All their knowledge, all their skills, and all their experiences
are of no useful purpose in their present state.
Money, the love
of which Paul says is the root of all evil, is of little use
to those in these homes. Some in these homes have a great
deal of money, but they get no better care than the one next
to them who is on welfare. Of course, the very, very rich
can have private nursing care around the clock, but was this
the reason for their driving ambition to accumulate a fortune?
To have a nurse sit by their wheelchair while they doze?
Surely our life
must have more purpose than just to accumulate a lot of money
to spend on nursing care. Mrs. Wrigley spent her last years
on the top floor of her mansion surrounded by doctors and
nurses, and never even knew they were there as she was in
a coma.
We cannot help
growing old and the only alternative is to die, but we need
to re-evaluate our priorities to make sure that the things
that take up our time now will have a value when Christ comes.
All the rest, no matter how much fun it may be or how rich
it may make us, will be like the chaff of the summer threshing
floor in the day of Christ’s coming.
Let us make sure
that our young ones are taught the true values of life and
to seek first the kingdom of God.

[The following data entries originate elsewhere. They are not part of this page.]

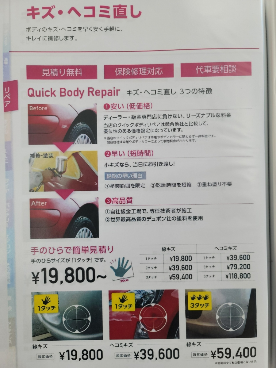 ボディリペア お車の気になるキズ・ヘコミの修理できます!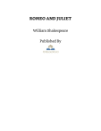 ROMEO AND JULIET William Shakespeare Published By THIS EDITION PUBLISHED IN 2020 BY PDFBOOKSWORLD.COM Publisher Notes: Contents of this edition have been sourced from public domain materials. PDFBooksWorld has created, edited and published the EBook version from the manuscripts, texts and illustrative images found in public domain archives. Registered members can download this EBook from our website for personal reading. However this file shall not be stored & transmitted in any form or reverse engineered for commercial purpose. Table of Contents ROMEO AND JULIET William Shakespeare Dramatis Personae SCENE.—Verona; Mantua. THE PROLOGUE ACT I. Scene I. Verona. A public place. Scene II. A Street. Scene III. Capulet's house. Scene IV. A street. Scene V. Capulet's house. PROLOGUE ACT II. Scene I. A lane by the wall of Capulet's orchard. Scene II. Capulet's orchard. Scene III. Friar Laurence's cell. Scene IV. A street. Scene V. Capulet's orchard. Scene VI. Friar Laurence's cell. ACT III. Scene I. A public place. Scene II. Capulet's orchard. Scene III. Friar Laurence's cell. Scene IV. Capulet's house Scene V. Capulet's orchard. ACT IV. Scene I. Friar Laurence's cell. Scene II. Capulet's house. Scene III. Juliet's chamber. Scene IV. Capulet's house. Scene V. Juliet's chamber. ACT V. Scene I. Mantua. A street. Scene II. Verona. Friar Laurence's cell. Scene III. Verona. A churchyard; in it the monument of the Capulets. Dramatis Personae Chorus. Escalus, Prince of Verona. Paris, a young Count, kinsman to the Prince. Montague, heads of two houses at variance with each other. Capulet, heads of two houses at variance with each other. An old Man, of the Capulet family. Romeo, son to Montague. Tybalt, nephew to Lady Capulet. Mercutio, kinsman to the Prince and friend to Romeo. Benvolio, nephew to Montague, and friend to Romeo Tybalt, nephew to Lady Capulet. Friar Laurence, Franciscan. Friar John, Franciscan. Balthasar, servant to Romeo. Abram, servant to Montague. Sampson, servant to Capulet. Gregory, servant to Capulet. Peter, servant to Juliet's nurse. An Apothecary. Three Musicians. An Officer. Lady Montague, wife to Montague. Lady Capulet, wife to Capulet. Juliet, daughter to Capulet. Nurse to Juliet. Citizens of Verona; Gentlemen and Gentlewomen of both houses; Maskers, Torchbearers, Pages, Guards, Watchmen, Servants, and Attendants. SCENE.—Verona; Mantua. THE PROLOGUE Enter Chorus. Chor. Two households, both alike in dignity, In fair Verona, where we lay our scene, From ancient grudge break to new mutiny, Where civil blood makes civil hands unclean. From forth the fatal loins of these two foes A pair of star-cross'd lovers take their life; Whose misadventur'd piteous overthrows Doth with their death bury their parents' strife. The fearful passage of their death-mark'd love, And the continuance of their parents' rage, Which, but their children's end, naught could remove, Is now the two hours' traffic of our stage; The which if you with patient ears attend, What here shall miss, our toil shall strive to mend. [Exit.] ACT I. Scene I. Verona. A public place. Enter Sampson and Gregory (with swords and bucklers) of the house of Capulet. Samp. Gregory, on my word, we'll not carry coals. Greg. No, for then we should be colliers. Samp. I mean, an we be in choler, we'll draw. Greg. Ay, while you live, draw your neck out of collar. Samp. I strike quickly, being moved. Greg. But thou art not quickly moved to strike. Samp. A dog of the house of Montague moves me. Greg. To move is to stir, and to be valiant is to stand. Therefore, if thou art moved, thou runn'st away. Samp. A dog of that house shall move me to stand. I will take the wall of any man or maid of Montague's. Greg. That shows thee a weak slave; for the weakest goes to the wall. Samp. 'Tis true; and therefore women, being the weaker vessels, are ever thrust to the wall. Therefore I will push Montague's men from the wall and thrust his maids to the wall. Greg. The quarrel is between our masters and us their men. Samp. 'Tis all one. I will show myself a tyrant. When I have fought with the men, I will be cruel with the maids- I will cut off their heads. Greg. The heads of the maids? Samp. Ay, the heads of the maids, or their maidenheads. Take it in what sense thou wilt. Greg. They must take it in sense that feel it. Samp. Me they shall feel while I am able to stand; and 'tis known I am a pretty piece of flesh. Greg. 'Tis well thou art not fish; if thou hadst, thou hadst been poor-John. Draw thy tool! Here comes two of the house of Montagues. Enter two other Servingmen [Abram and Balthasar]. Samp. My naked weapon is out. Quarrel! I will back thee. Greg. How? turn thy back and run? Samp. Fear me not. Greg. No, marry. I fear thee! Samp. Let us take the law of our sides; let them begin. Greg. I will frown as I pass by, and let them take it as they list. Samp. Nay, as they dare. I will bite my thumb at them; which is disgrace to them, if they bear it. Abr. Do you bite your thumb at us, sir? Samp. I do bite my thumb, sir. Abr. Do you bite your thumb at us, sir? Samp. [aside to Gregory] Is the law of our side if I say ay? Greg. [aside to Sampson] No. Samp. No, sir, I do not bite my thumb at you, sir; but I bite my thumb, sir. Greg. Do you quarrel, sir? Abr. Quarrel, sir? No, sir. Samp. But if you do, sir, am for you. I serve as good a man as you. Abr. No better. Samp. Well, sir. Enter Benvolio. Greg. [aside to Sampson] Say 'better.' Here comes one of my master's kinsmen. Samp. Yes, better, sir. Abr. You lie. Samp. Draw, if you be men. Gregory, remember thy swashing blow. They fight. Ben. Part, fools! [Beats down their swords.] Put up your swords. You know not what you do. Enter Tybalt. Tyb. What, art thou drawn among these heartless hinds? Turn thee Benvolio! look upon thy death. Ben. I do but keep the peace. Put up thy sword, Or manage it to part these men with me. Tyb. What, drawn, and talk of peace? I hate the word As I hate hell, all Montagues, and th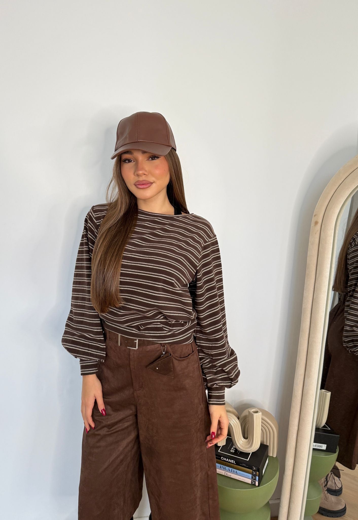 Maglia da donna fantasia righe piccole con polsini vestibilità over e veste regolarmente la propria taglia e la modella indossa taglia S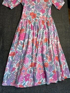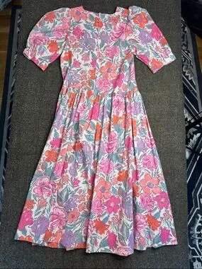 Vintage Laura Ashley Floral Puff-Sleeve Midi Dress Pink & Lavender sz 8 80s 90s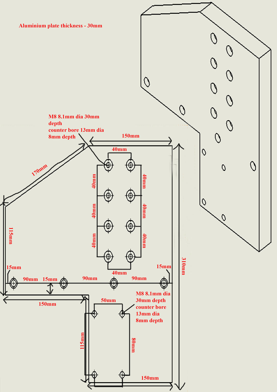 Just to add to what Clive says, I don't see any measurement for the actual position of the 4 and 8 grouped holes on the plate, try and pick two sides(Datums) to take the measurements from and maybe positional tolerances if its important to you. Also you don't need the length of the angled side, an angle would do.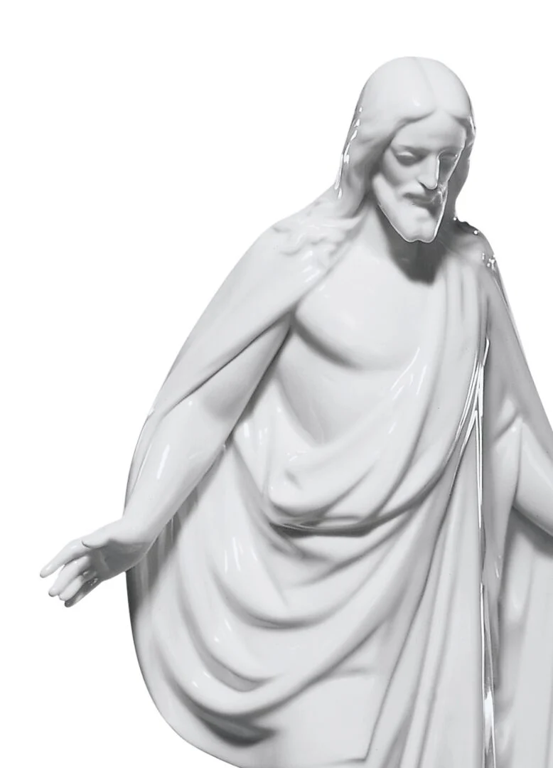 White glossy porcelain figurine of Christ. Jesus The Son of God extends his arms towards all humanity. Buy it now at Lladró Sydney, Australia.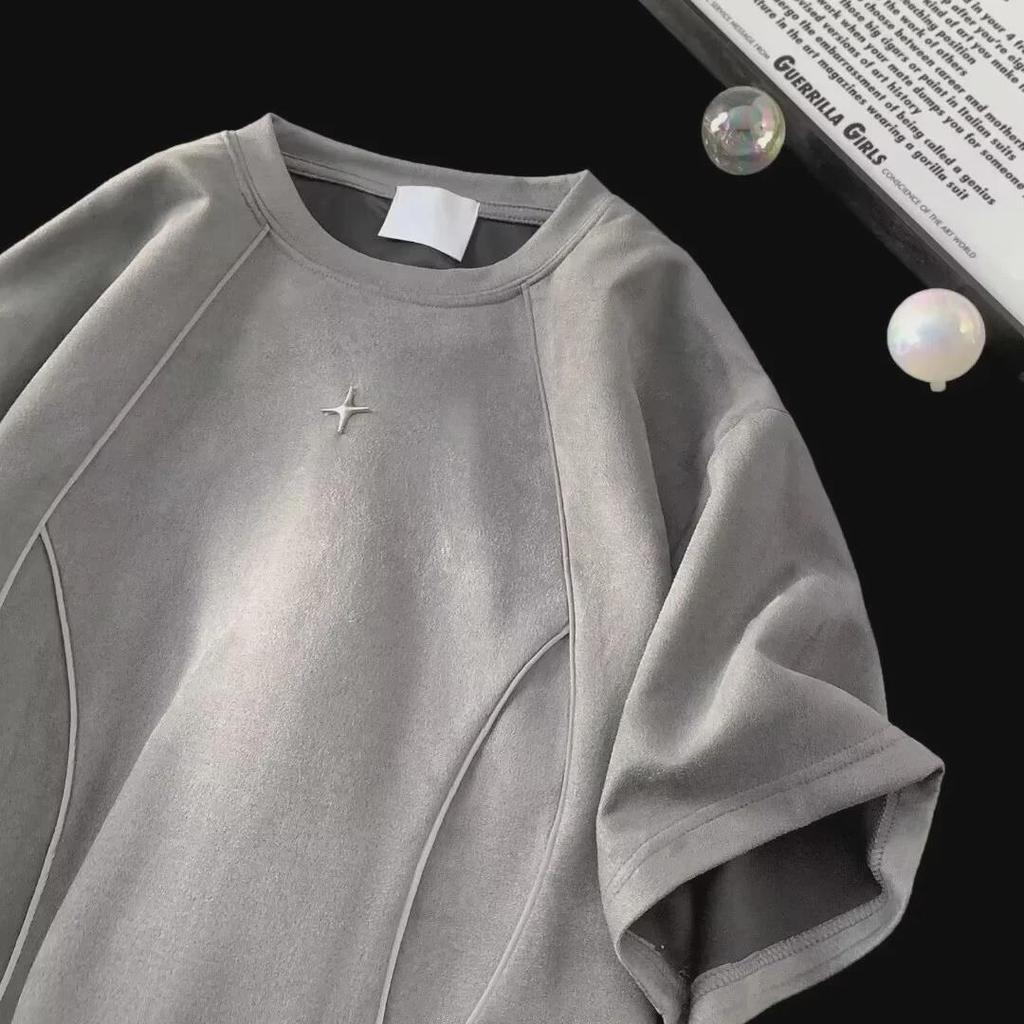 2024 Retro Herren Schwergewicht Schulterpolster Reißverschluss T-Shirt - Kurzarm Sommer High Street Trend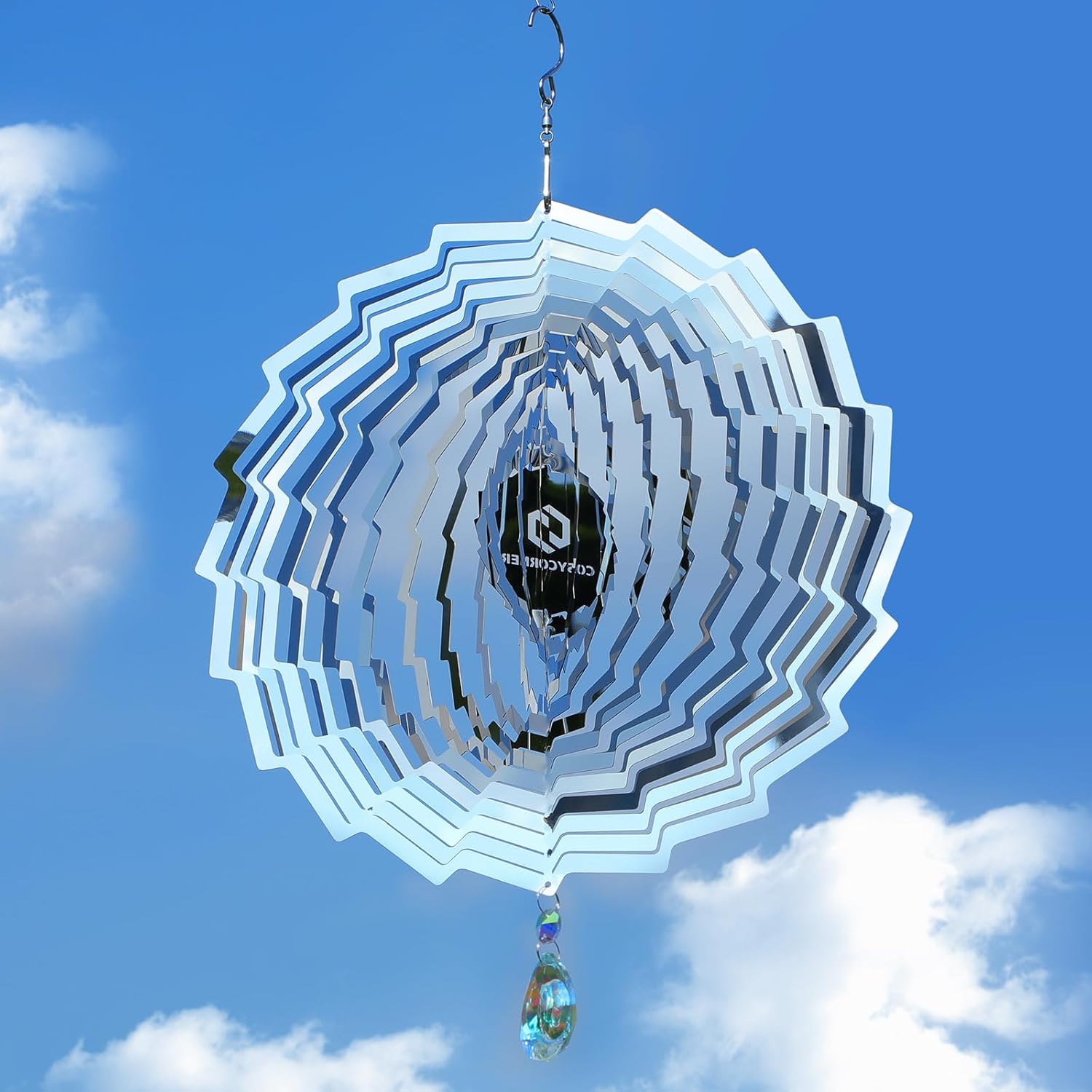 3D Wind Spinners Outdoor Flowing-Light Effect Metal Garden Decor, Highly Reflective Bird Deterrents for Outside, Mirrored Wind Sculptures to Scare Birds Away from Yard Patio Farm (Vortex-Silver)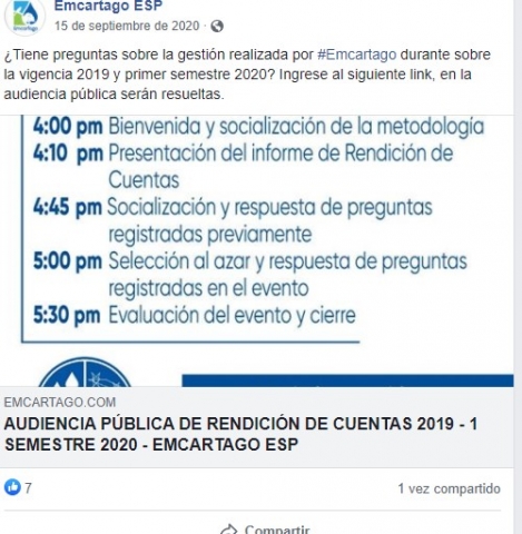 Audiencia Pública de Rendición de Cuentas Año 2020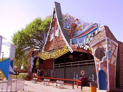 My only dark ride regret was not riding the Bill Tracy Whacky Shack at Joyland in Wichita, Kansas the day we were there. I ran out of time and tickets having spent the day riding their old wooden roller coaster named Nightmare (just like Frontier City). I didn’t care at the time, but I do wish I had ridden it now. Joyland has been closed a long time and it now abandoned. Recently vandals burned the Whacky Shack.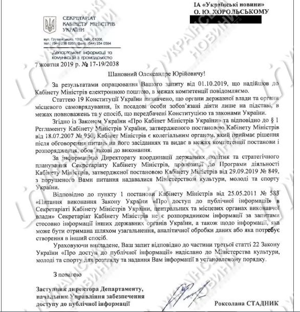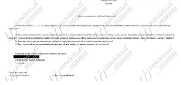 Ответ пришел из Министерства информационной политики (находится в стадии реорганизации и оперативно подчинено министру культуры, молодежи и спорта Владимиру Бородянскому) за подписью государственного секретаря министерства Артема Биденко. В нем уточняется, что какие-либо цифры при написании документа не использовались.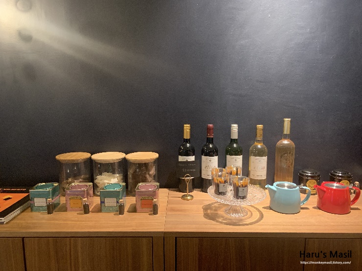 주문을 하고 내부를 둘러봤어요. 한 켠에 보이는 맥주와 와인들. 민트색과 적절히 어울려진 인테리어는 참 파리 생각나도록 잘 해두셨더라구요.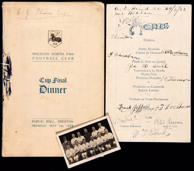 A signed Preston North End 1922 F.A. Cup Final Dinner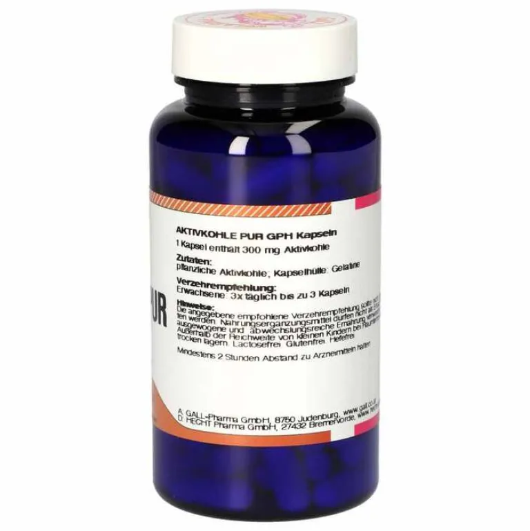 - 3 Kapseln enthalten 300 mg Aktivkohle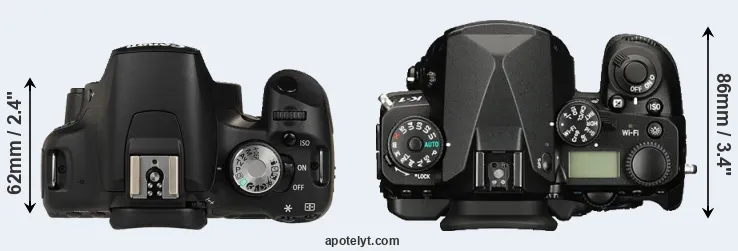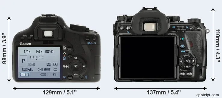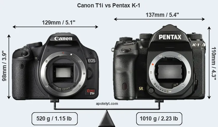 The side-by-side display below illustrates the physical size and weight of the Canon T1i and the Pentax K-1. The two cameras are presented according to their relative size. Three consecutive views from the front, the top, and the rear side are shown. All width, height and depth dimensions are rounded to the nearest millimeter.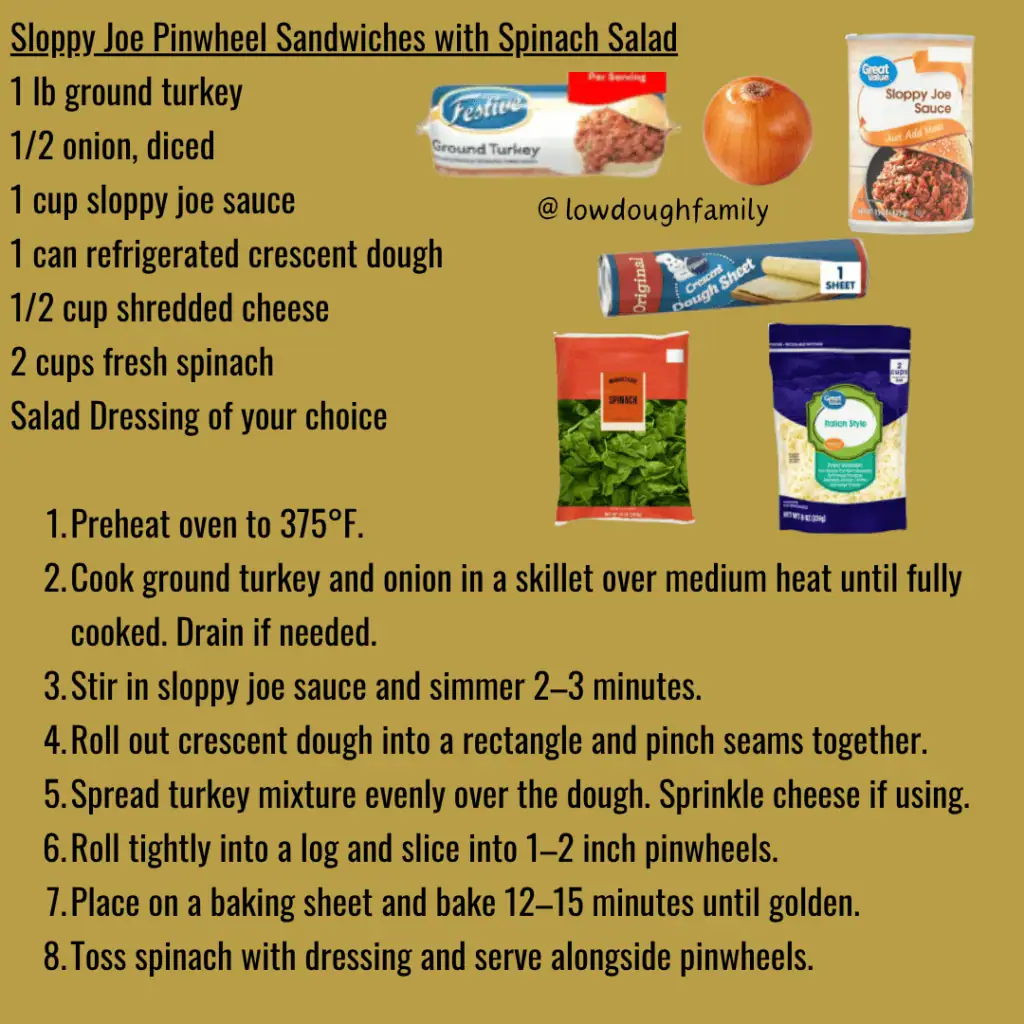 Sloppy Joe Pinwheel Sandwiches with Spinach Salad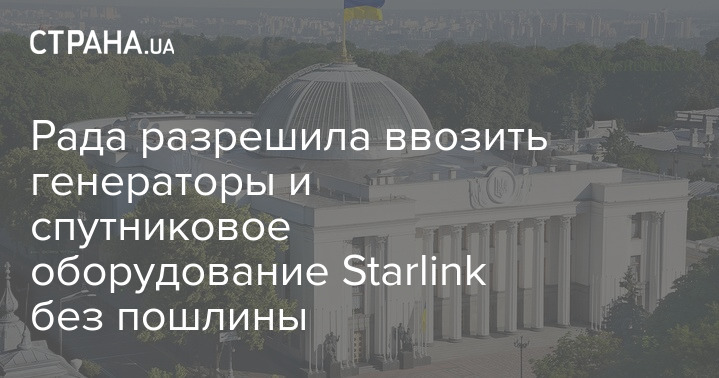 Верховная Рада поддержала во втором чтении и в целом законопроекты №8196/8197, позволяющие освободить от пошлины и налога на добавленную стоимость (НДС) терминалы Starlink, генераторы и другое оборудование.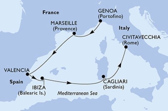 Рим (порт Чивитавекия)Град Чивитавекия се намира в област Лацио на провинция Рим, на брега на Тиренско море. Пристанището на Чивитавекия осъществява връзка с островите Сардиния, Сицилия, Корсика, Малта, с градовете Барселона, Тулон и с Тунис. Населението наброява едва 50 000 души, но въпреки това Чивитавекия се смята за второто по значение европейско пристанище, като се има предвид броя на преминаващите пътници.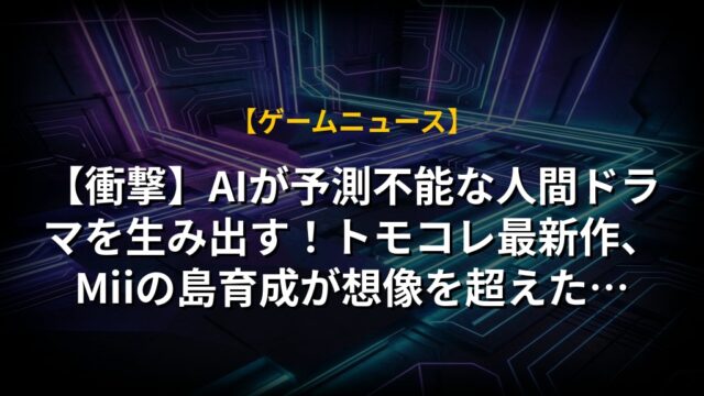 【衝撃】AIが予測不能な人間ドラマを生み出す!トモコレ最新作、Miiの島育成が想像を超えた…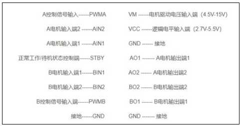 TB6612FNG的引脚定义,如图4所示,引脚分为电源脚、控制输入脚、控制输出脚。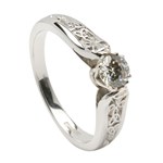 Cette bague de fiançailles d'une grande élégance est ornée d'un nœud de la Trinité sur l'anneau. Le diamant, serti haut, est magnifiquement mis en valeur par les ornements qui l'entourent. Ce qui rend cette bague si particulière, c'est qu'elle intègre l'histoire et la tradition du motif du nœud de la Trinité.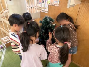 エントランスにはたいよう組が飾り付けをしてくれたツリー。それを眺めながら、みんなでクリスマスを楽しみにしてきました。

All the things the Gentiles
seek for will be supplied by God if we will put Him first
in our lives; that’s a promise from Jesus Christ. As we observe
the rich and famous of this world surrounded by their trophies
and memorabilia, dozing in their wheelchairs, we realize that
the things of this life at their very best are still only
vanity and vexation of spirit.
How thankful we
are to be in possession of the true riches and to have hope
beyond this time of trouble. With Paul we say, ”For our light
affliction, which is but for a moment, worketh for us a far
more exceeding and eternal weight of glory.”